D'ailleurs, rien ne les poussait à soigner leur enfant. L'enfant gros ne se plaint que de moqueries à l'école, d'une fatigabilité à la course, d'une difficulté à s'habiller comme il le voudrait. Il dit parfois qu'il se sent mal dans sa peau. Bref des plaintes assez banales. Il n'éprouve pas de symptômes pénibles (douleur, déficit moteur ou sensoriel) ou angoissants (dyspnée, œdème, chute, perte de connaissance). Il n'a jamais été hospitalisé, ni opéré. Ses parents ne redoutent pas les complications de l'excès de poids (elles seront tardives, quand elles surviendront, ils n'auront plus la charge de l'enfant), encore moins la mort.

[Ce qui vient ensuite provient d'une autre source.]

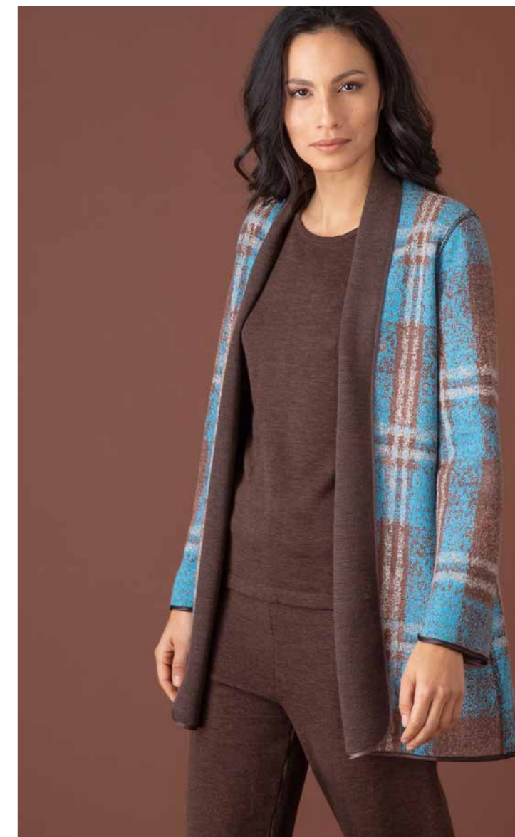
GIACCA REVERSIBILE ART.2596, GIROCOLLO ART.2684, PANTALONE ART.2686
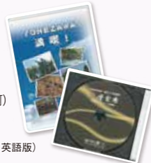
米沢PR用DVD (日本語・英語版)
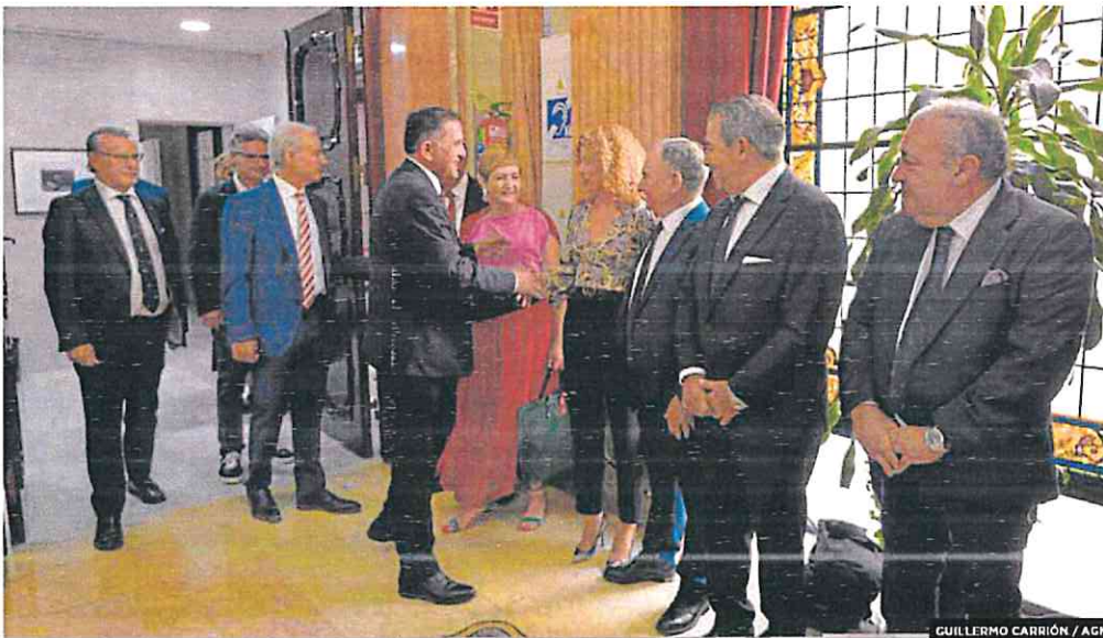
GUILLERMO CARRIÓN / AGN

► Paradas informativas accesibles para el transporte urbano municipal y digitalización. Inversión: 6 millones de euros.
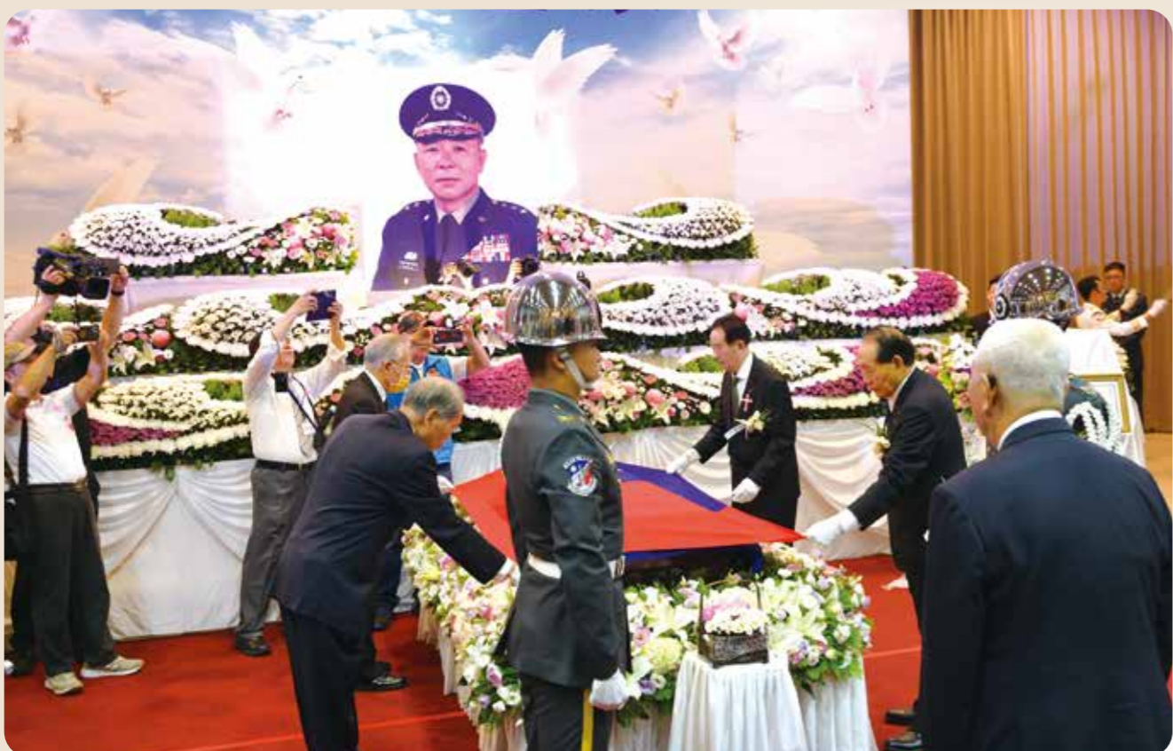
國防部前部長伍世文、三軍大學前校長夏瀛洲、陸軍前總司令陳鎮湘、國防安全研究院董事長霍守業等四位上將擔任國旗覆旗官，為許前主委靈柩覆蓋國旗，表達敬意。
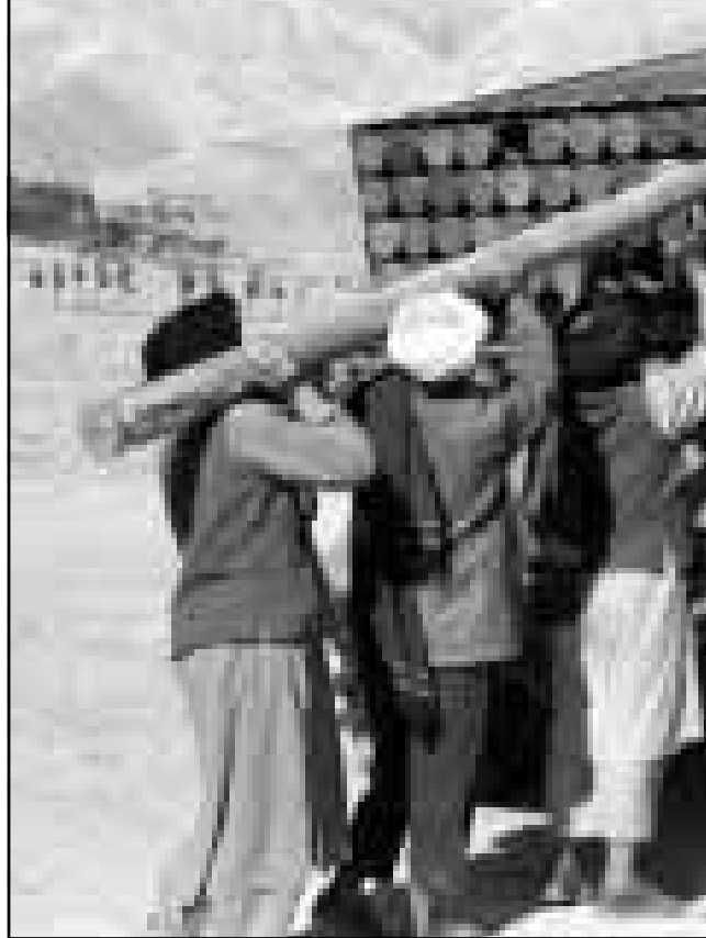
مجموعة من قوات طالبان يجيزون منصة صواريخ
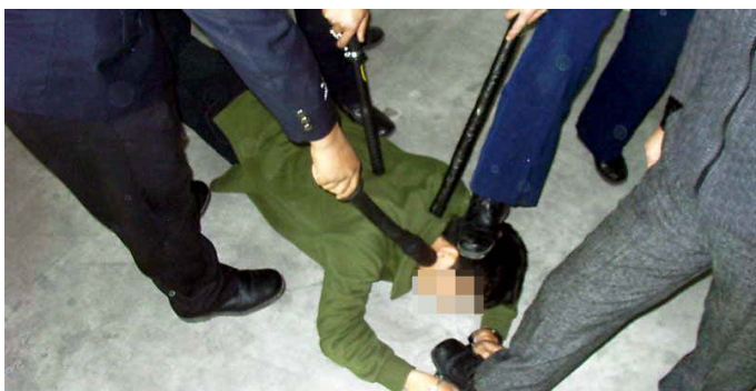
▲ 法轮功学员遭迫害酷刑（演示图）

明慧网还有多篇石家庄市桥东公安分局、裕华公安分局警察绑架、迫害当地法轮功学员的报导。
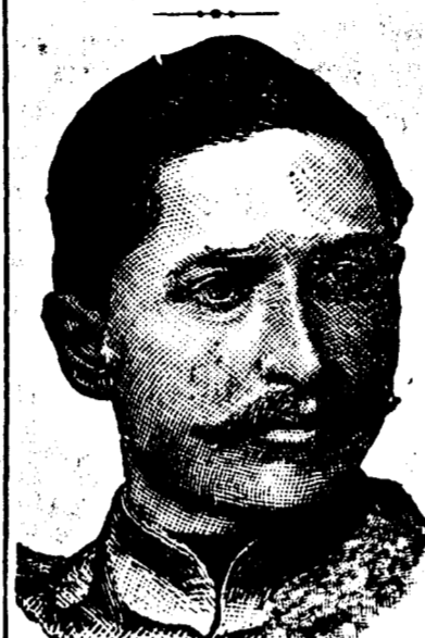
Un discours de l'empereur d'Allemagne.

Madrid, Espagne, 20 juin.—Senor Sagasta, premier ministre, questionné aujourd'hui, a dit que malgré les rapports américains rien n'était décidé au sujet de l'échange du constructeur naval Hobson et de ses compagnons pris par les espagnols après avoir coulé le Merrimac dans le chenal étroit conduisant au port de Santiago de Cuba.
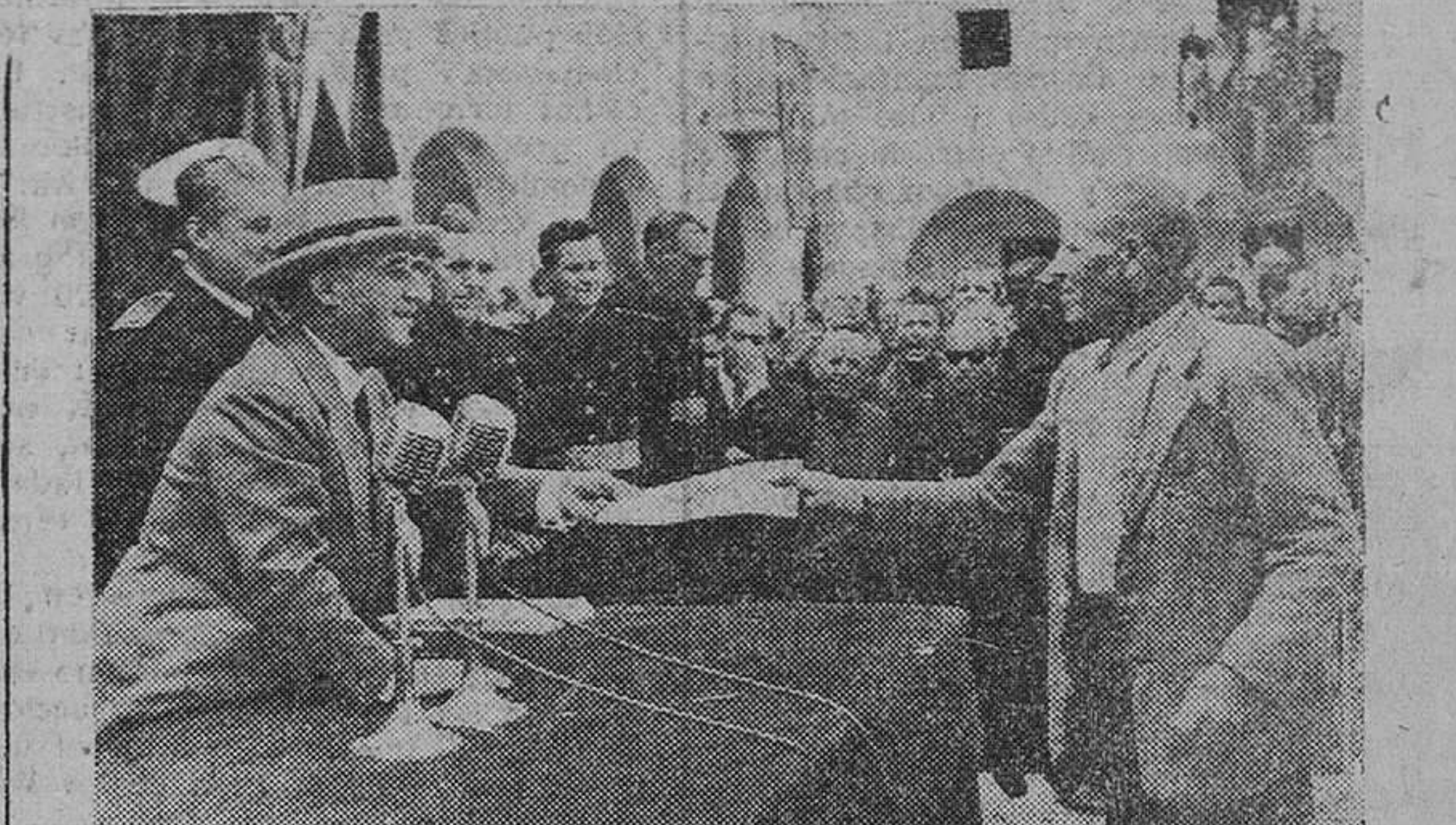
S. E. el Jefe del Estado hace entrega de los títulos de propiedad a los colonos de uno de los pueblos de reciente constitución.

La acción social en la Agricultura es una obra que impugna con vivo interés el Ministerio del ramo, con el fin de lograr un aumento en la producción que proporcione un mejor nivel de vida a los agricultores; de conseguir en el medio agrario la reducción del natural paro estacional y el var al obrero agrícola a la condición de propietario y evitar el abetimiento, creando trabajo y riqueza, así como viviendas cómodas y gratas en los medios rurales.
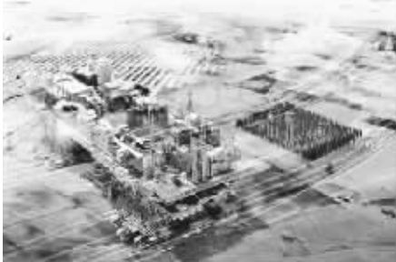
主要靠太阳能供电的移动城市

移动城市在未来很可能会成为一种潮流，但这其实是人们应对环境变化的无奈之举。如果我们不想如同吉卜赛人那样四处流浪，如果我们不想如同候鸟那样每年都要忍
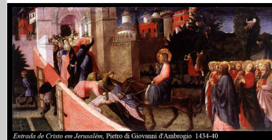
Entrada de Cristo em Jerusalém, Pietro di Giovanni d'Ambrogio 1434-40

A liturgia deste último Domingo da Quaresma convida-nos a contemplar esse Deus que, por amor, desceu ao nosso encontro, partilhou a nossa humanidade, fez-Se servo dos homens, deixou-Se matar para que o egoísmo e o pecado fossem vencidos. A cruz (que a liturgia deste domingo coloca no horizonte próximo de Jesus) apresenta-nos a lição suprema, o último passo
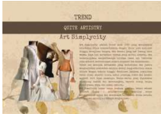
Gambar 2. Trend Fashion

Tahap ketiga, yaitu analisa estetika yang berfungsi untuk menggali nilai-nilai visual yang terkandung dalam sumber inspirasi, sehingga dapat diterjemahkan secara tepat ke dalam bentuk karya busana. Penciptaan karya busana Bayang Langit Loka , tahap ini menjadi landasan utama dalam memahami dan mengolah elemen arsitektur Gedung Candra Naya.
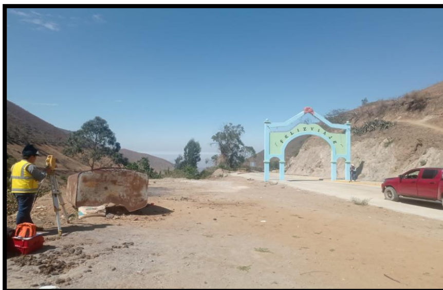
IMAGEN 7- VISTA PANORAMICA DEL TERRENO DEL PROYECTO

Ante esta problemática y con el objetivo de mejorar y aliviar el déficit de espacios de recreación activa y pasiva, y de esta manera brindar un espacio acorde a las necesidades de la población de la localidad de La Cuesta; se pondrá en valor la Creación de los Servicios Públicos de Integración Económica y Social en la Alameda de Centro Poblado la Cuesta distrito de La Cuesta de la Provincia de Otuzco del Departamento de la Libertad - CUI N°2596213, con la finalidad de cumplir con el objetivo planteado con este proyecto.
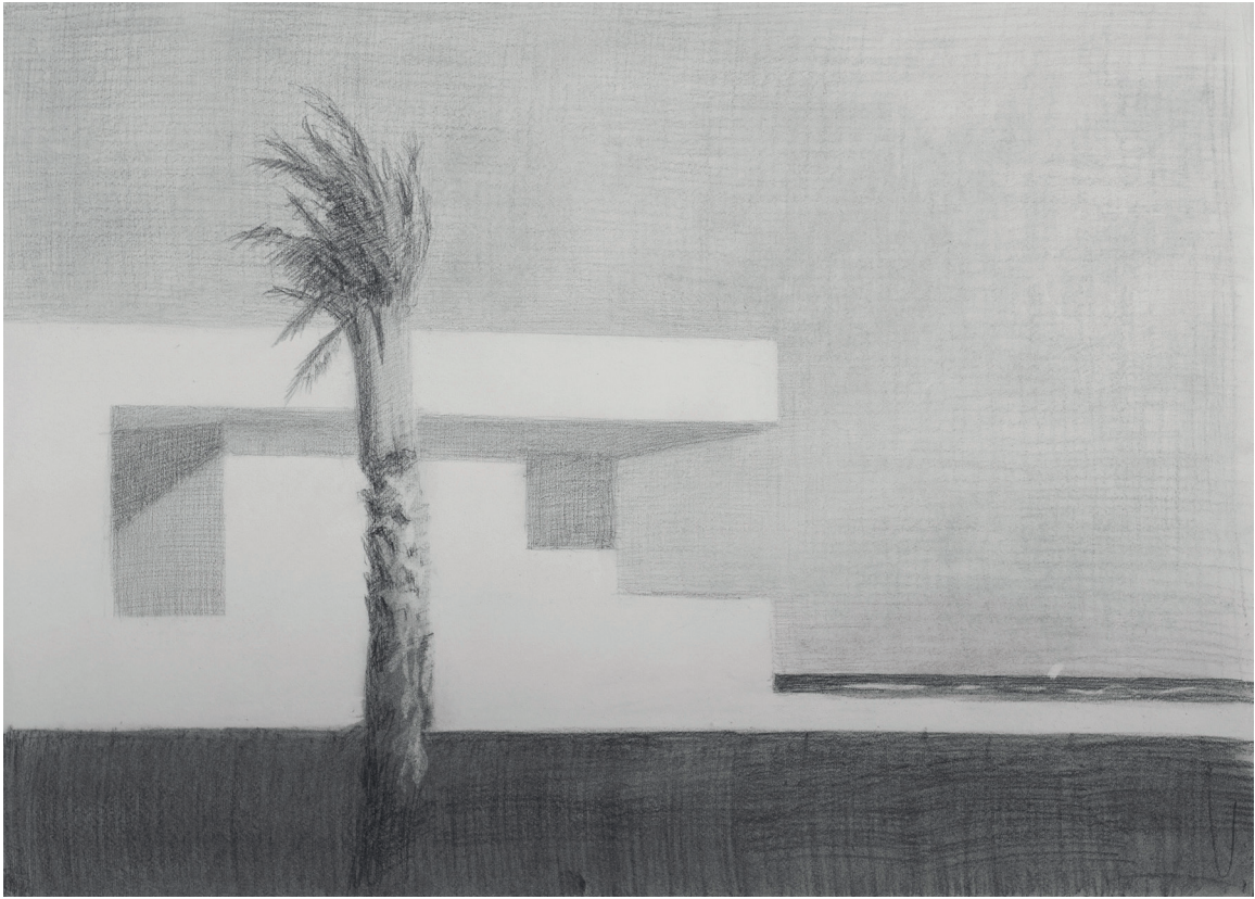
Marcelo Fuentes Apartamentos 4 2019
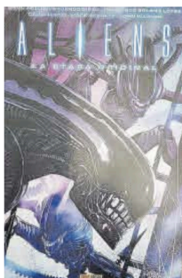
VARIOS AUTORES ALIENS. LA ETAPA ORIGINAL 3 Panini

Penúltimo volumen donde se nos recopila cronológicamente todas las historias de esta franquicia previas a la actual adquisición de los derechos por parte de Marvel. Más de treinta años editados por Dark Horse en EEUU, en unos majestuosos y voluminosos libros de casi mil páginas, nos muestran toda una suerte de historias y, por supuesto, autores muy interesantes. En el presente podemos encontrar historias realizadas por nombres de primera fila internacional como Richard Corben, Moebius, Eduardo Risso, Francisco Solano López o Bernie Wrightson. Sería imposible reseñar la totalidad de manos que concurren a la hora de mostrar tantos relatos de nuestros xenomorfos favoritos. Como los aliens solo se mueven por instinto primario, poco más pueden aportar como novedad; lo verdaderamente interesante son todas aquellas historias de los humanos que por allí van pasando, cargadas de emociones, necesidades e intereses, verdadero motor de un relato bien estructurado y con el suficiente cuerpo para hacer vibrar al lector. Como siempre, la sombra de la corporación Weyland-Yutani, que pretende quedarse con la explotación de estos organismos, es muy alargada y omnipresente, con tal falta de ética que no le importa el coste humano para conseguir su fin. Como detalle y gran acierto, la creación del personaje Mondo, un soldado de fortuna, bravucón y socarrón, en historias no exentas de mala leche y mucho humor. Última que solo hicieran un par de relatos, aun así, fabulosos. ■
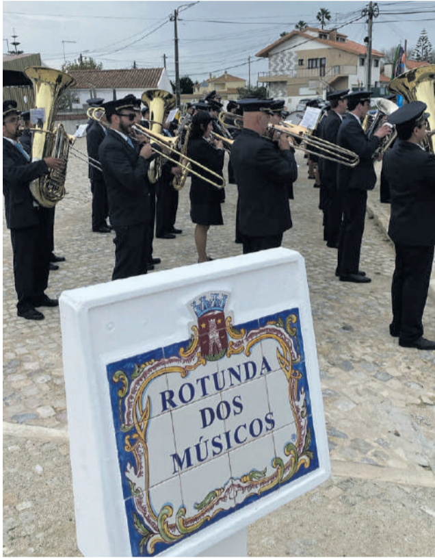
Nova Rotunda junto à Capela, um reconhecimento a todos os músicos

O ponto alto das comemorações estava guardado para o final do almoço comemorativo que se iniciou pelas 13h00. Foram entregues me-
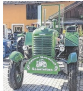
Erstmals: Traktortreffen

Ein echter Hingucker wird dieses Jahr das Oldtimer-Traktortreffen am Sonntag. In Zusammenarbeit mit dem Oldtimer Traktorstammtisch Utten-dorf/Sonnleiten wird es erstmals
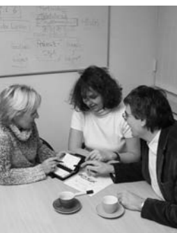
Schulorganisation im Team
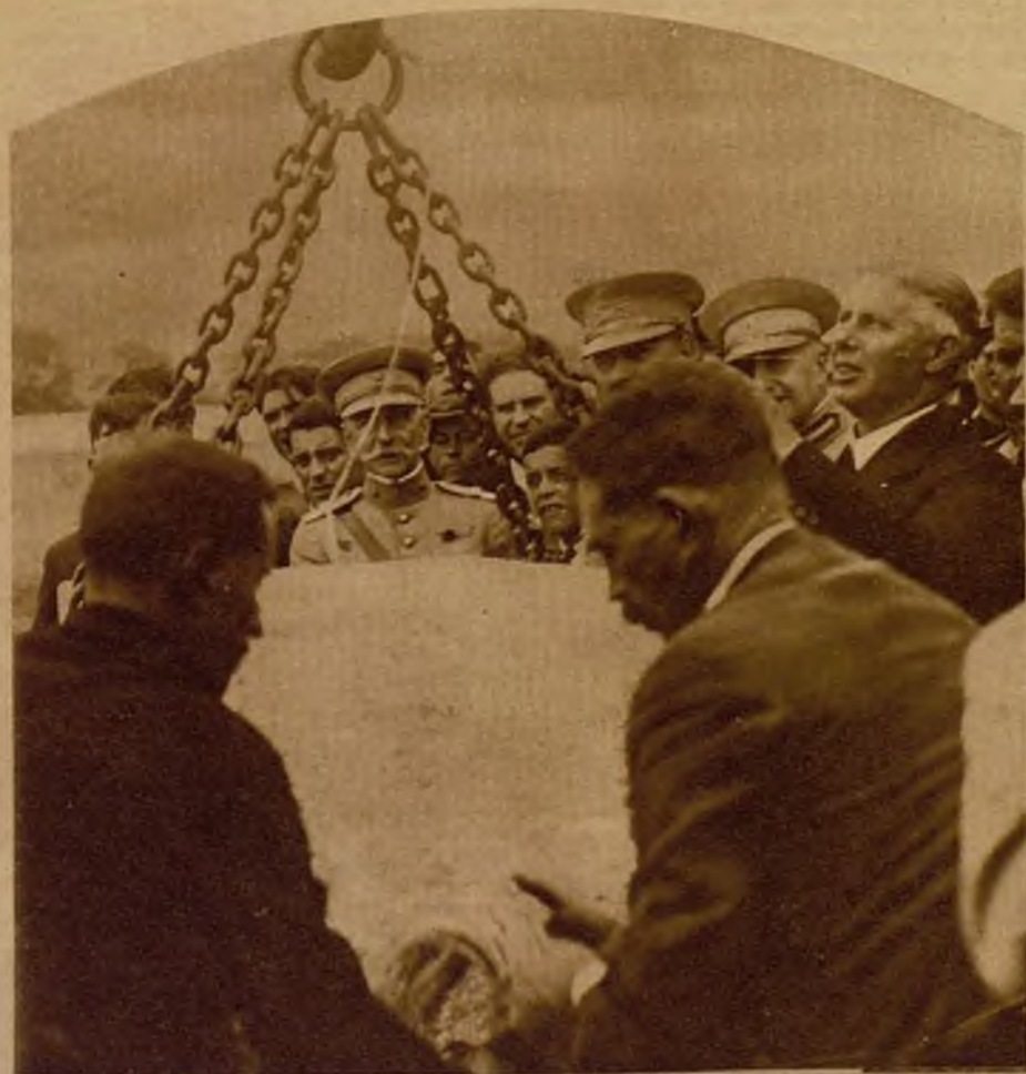
El presidente de la República, en la colocación de la primera piedra de las obras del puerto de Vianna, lugar donde se ha promovido la sublevación

Ils n'ont pas bien compris comment ils devaient s'impliquer. A moins qu'ils n'aient pas voulu le comprendre ou que leur implication leur ait semblé disproportionnée par rapport à l'objectif.
Ainsi ils n'ont pas compris qu'il ne fallait jamais laisser seul leur enfant à la maison puisque - c'est eux qui le disent - : «Quand il est tout seul, il ne peut pas s'empêcher de manger». Un enfant ou un adolescent seul chez lui, même une heure par semaine, ne guérit pas d'un excès de poids. L'ennui, la solitude, l'inquiétude poussent à manger. Conclusion : il ne faut pas le laisser seul. Cela impose des choix draconiens, mais possibles : quand il avait 3 ans, il ne restait pas seul.
Ils n'ont pas compris que, pour que leur enfant marche, il fallait marcher avec lui. Accros de leur ceinture de sécurité, véritable ceinture de sédentarité, ils accusent les jeux vidéos et oublient d'accuser la voiture qui conduit l'enfant (et ses parents) au travail.
Ils ne parviennent pas à supprimer l'apéritif quand leurs amis viennent à la maison. Ce jour-là ils traitent bien leurs amis mais traitent mal (maltraitent ?) leur enfant. Comment un enfant peut-il comprendre que les seules exceptions à la règle «Je ne mange pas en dehors des repas» viennent de ceux qui devraient le soigner ?
Ils aimeraient que leur enfant suive des règles de comportement alimentaire mais ils l'ont habitué à faire ce qu'il voulait. Il est difficile de dire «Attends» ou «Non» quand on a toujours dit «Oui». On leur demande de se mettre au service de leur enfant pour le soigner. Etre serviteur, mais non esclave.

Quand un médecin voit un enfant gros, son rôle consiste surtout à faire comprendre aux parents que personne d'autres qu'eux ne peut le soigner. C'est parfois galère.